- _Work instruction_: Could you restate word for word only the lines below from the one holding "Samsonite plast koffert" to the one holding "Silver ewer presented", inclusive, and leave out the pictures?

- _Records_:
□ □ □ □ □

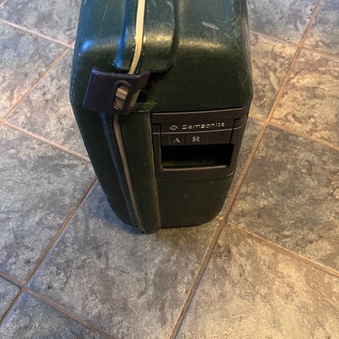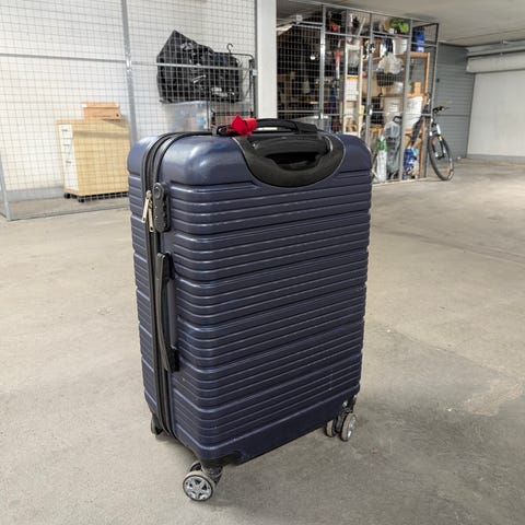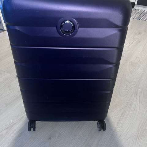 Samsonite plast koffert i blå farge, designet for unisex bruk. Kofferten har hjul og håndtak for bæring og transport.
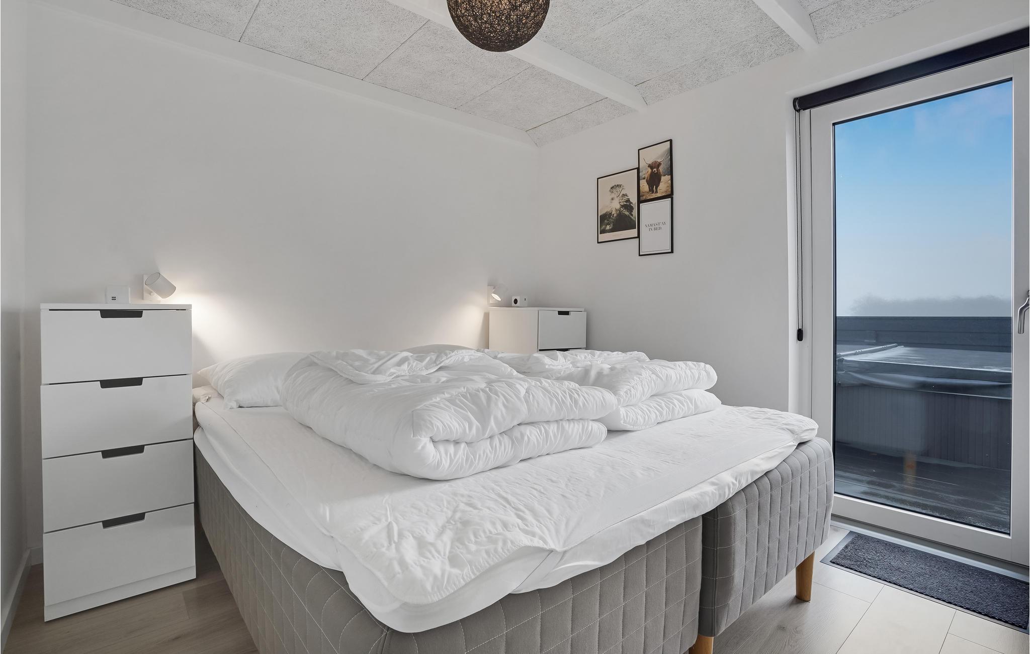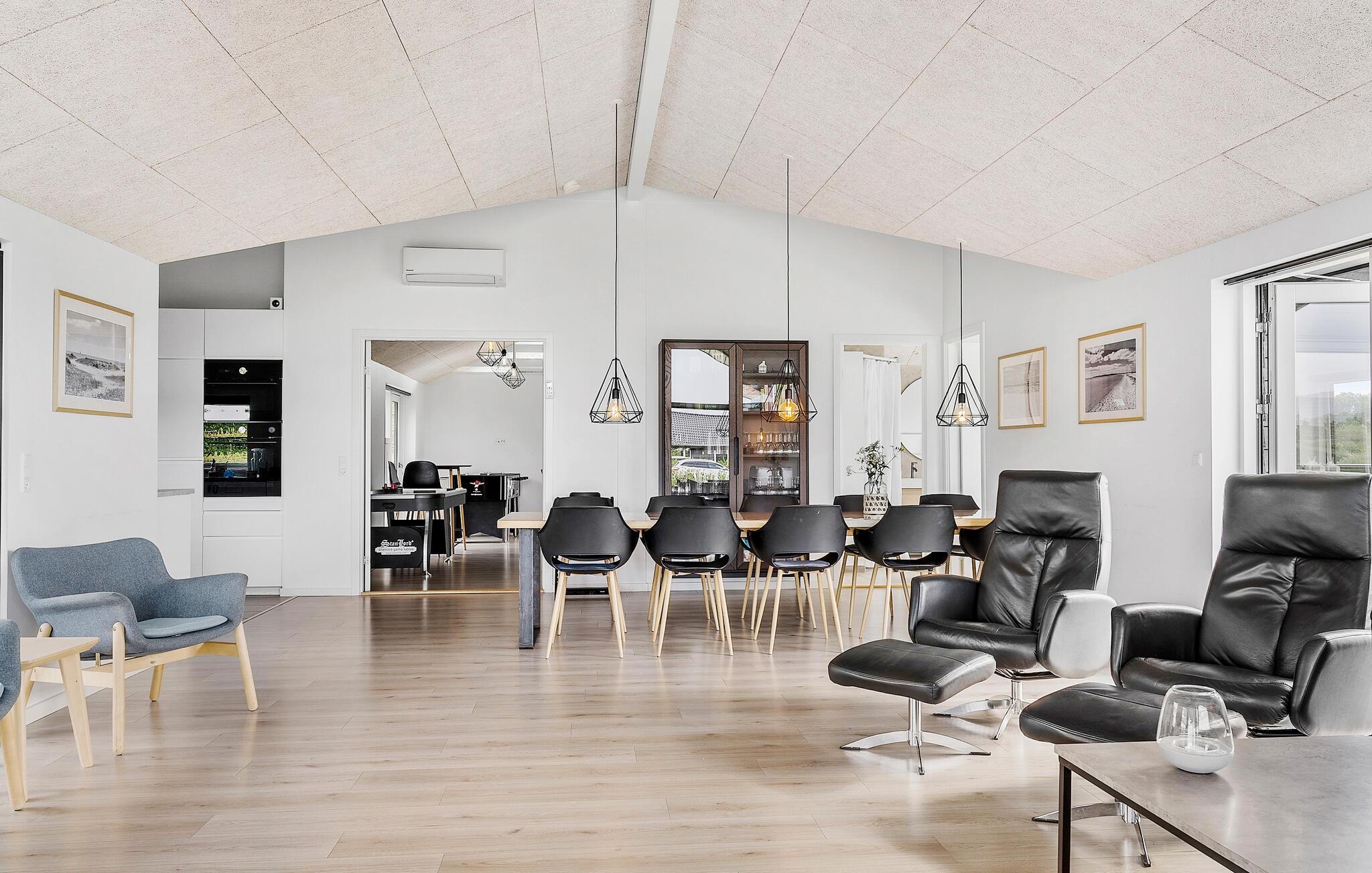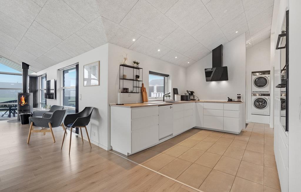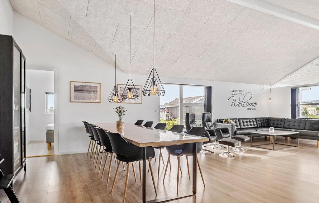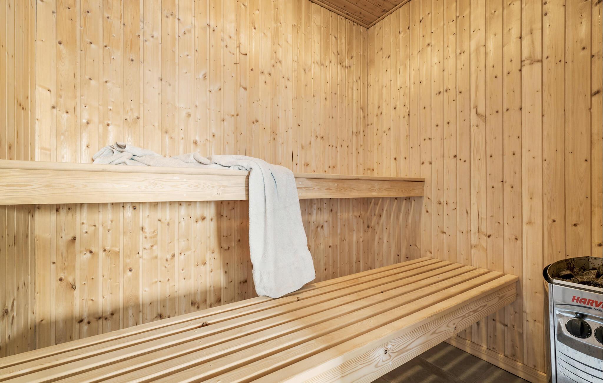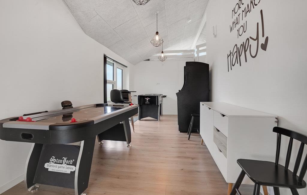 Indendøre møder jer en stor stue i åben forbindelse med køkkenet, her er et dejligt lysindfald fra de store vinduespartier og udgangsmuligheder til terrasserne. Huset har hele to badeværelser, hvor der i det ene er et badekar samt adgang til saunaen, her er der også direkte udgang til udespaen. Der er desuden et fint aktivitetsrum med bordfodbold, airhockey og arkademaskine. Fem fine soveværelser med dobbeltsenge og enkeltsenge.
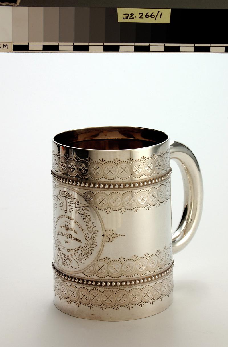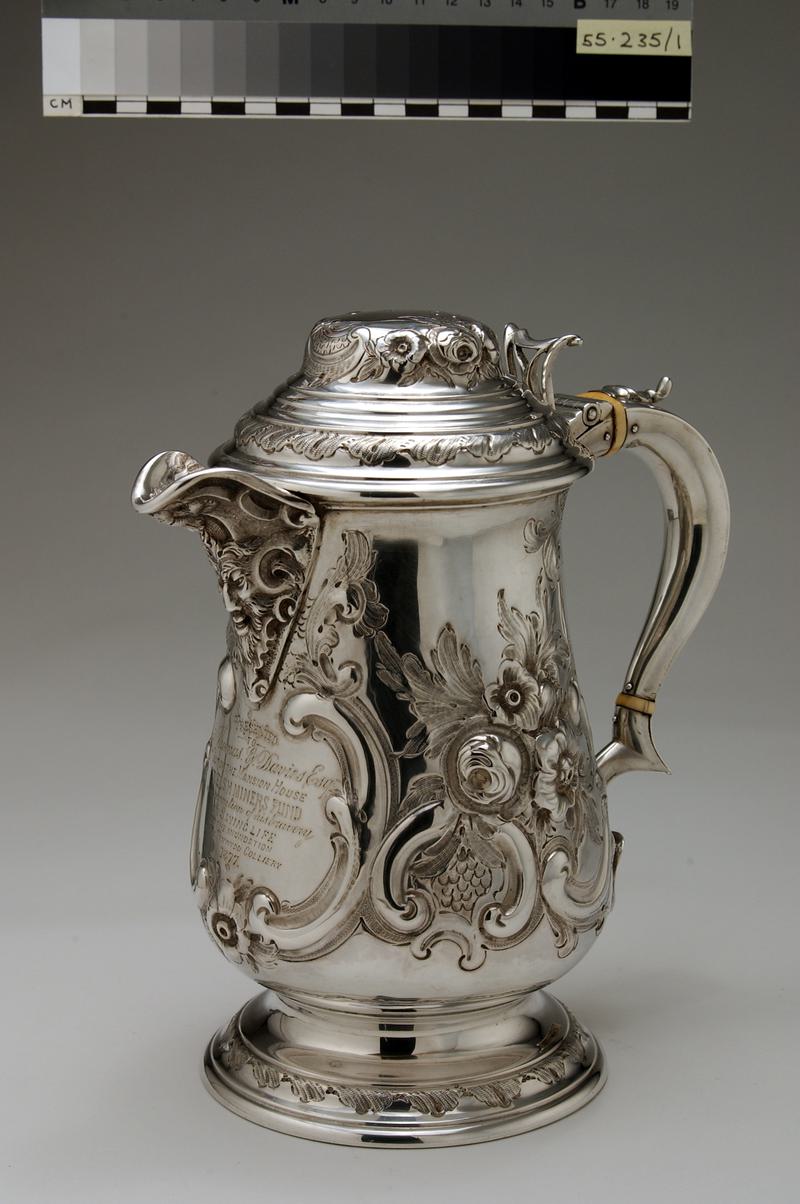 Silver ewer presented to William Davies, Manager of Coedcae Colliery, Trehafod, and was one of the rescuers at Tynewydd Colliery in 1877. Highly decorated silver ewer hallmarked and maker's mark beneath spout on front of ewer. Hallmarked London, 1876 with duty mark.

□ □ □ □ □

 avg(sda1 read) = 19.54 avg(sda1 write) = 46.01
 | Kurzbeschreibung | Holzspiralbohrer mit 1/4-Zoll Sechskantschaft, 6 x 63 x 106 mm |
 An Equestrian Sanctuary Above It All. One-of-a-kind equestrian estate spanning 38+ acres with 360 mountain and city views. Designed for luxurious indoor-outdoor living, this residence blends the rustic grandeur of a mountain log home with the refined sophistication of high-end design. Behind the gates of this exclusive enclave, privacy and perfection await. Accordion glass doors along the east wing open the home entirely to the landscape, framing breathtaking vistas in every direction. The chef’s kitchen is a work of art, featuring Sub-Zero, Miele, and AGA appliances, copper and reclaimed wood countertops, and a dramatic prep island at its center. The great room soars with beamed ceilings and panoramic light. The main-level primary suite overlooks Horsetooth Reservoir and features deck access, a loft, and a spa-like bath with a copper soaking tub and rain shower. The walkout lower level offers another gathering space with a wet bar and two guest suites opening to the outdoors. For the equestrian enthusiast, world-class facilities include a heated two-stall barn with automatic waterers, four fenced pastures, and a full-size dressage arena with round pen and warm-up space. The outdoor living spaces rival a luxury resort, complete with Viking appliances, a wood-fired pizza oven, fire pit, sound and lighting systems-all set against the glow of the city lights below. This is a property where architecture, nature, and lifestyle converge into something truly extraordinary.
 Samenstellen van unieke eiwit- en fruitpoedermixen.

□ □ □ □ □

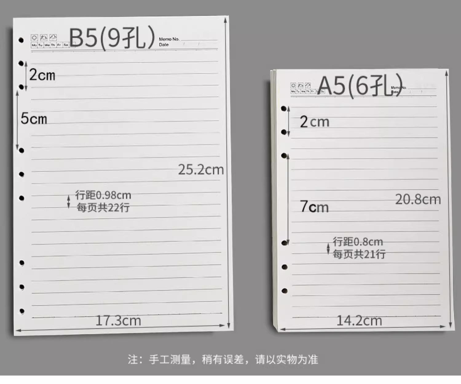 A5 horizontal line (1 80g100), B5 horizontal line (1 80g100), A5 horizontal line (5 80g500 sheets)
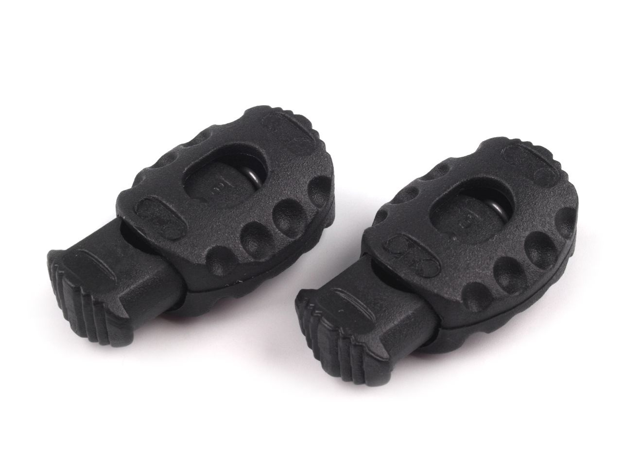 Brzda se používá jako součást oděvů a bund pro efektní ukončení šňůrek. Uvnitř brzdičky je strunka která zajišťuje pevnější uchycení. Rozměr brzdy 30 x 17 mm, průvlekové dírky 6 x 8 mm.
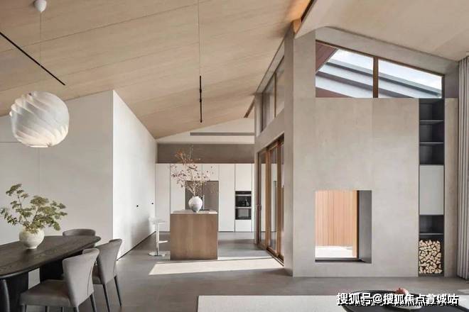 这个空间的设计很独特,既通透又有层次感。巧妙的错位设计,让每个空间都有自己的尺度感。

□ □ □ □ □

- _Answer to this problem_:
 Samsonite plast koffert i blå farge, designet for unisex bruk. Kofferten har hjul og håndtak for bæring og transport.
 Indendøre møder jer en stor stue i åben forbindelse med køkkenet, her er et dejligt lysindfald fra de store vinduespartier og udgangsmuligheder til terrasserne. Huset har hele to badeværelser, hvor der i det ene er et badekar samt adgang til saunaen, her er der også direkte udgang til udespaen. Der er desuden et fint aktivitetsrum med bordfodbold, airhockey og arkademaskine. Fem fine soveværelser med dobbeltsenge og enkeltsenge.
 Silver ewer presented to William Davies, Manager of Coedcae Colliery, Trehafod, and was one of the rescuers at Tynewydd Colliery in 1877. Highly decorated silver ewer hallmarked and maker's mark beneath spout on front of ewer. Hallmarked London, 1876 with duty mark.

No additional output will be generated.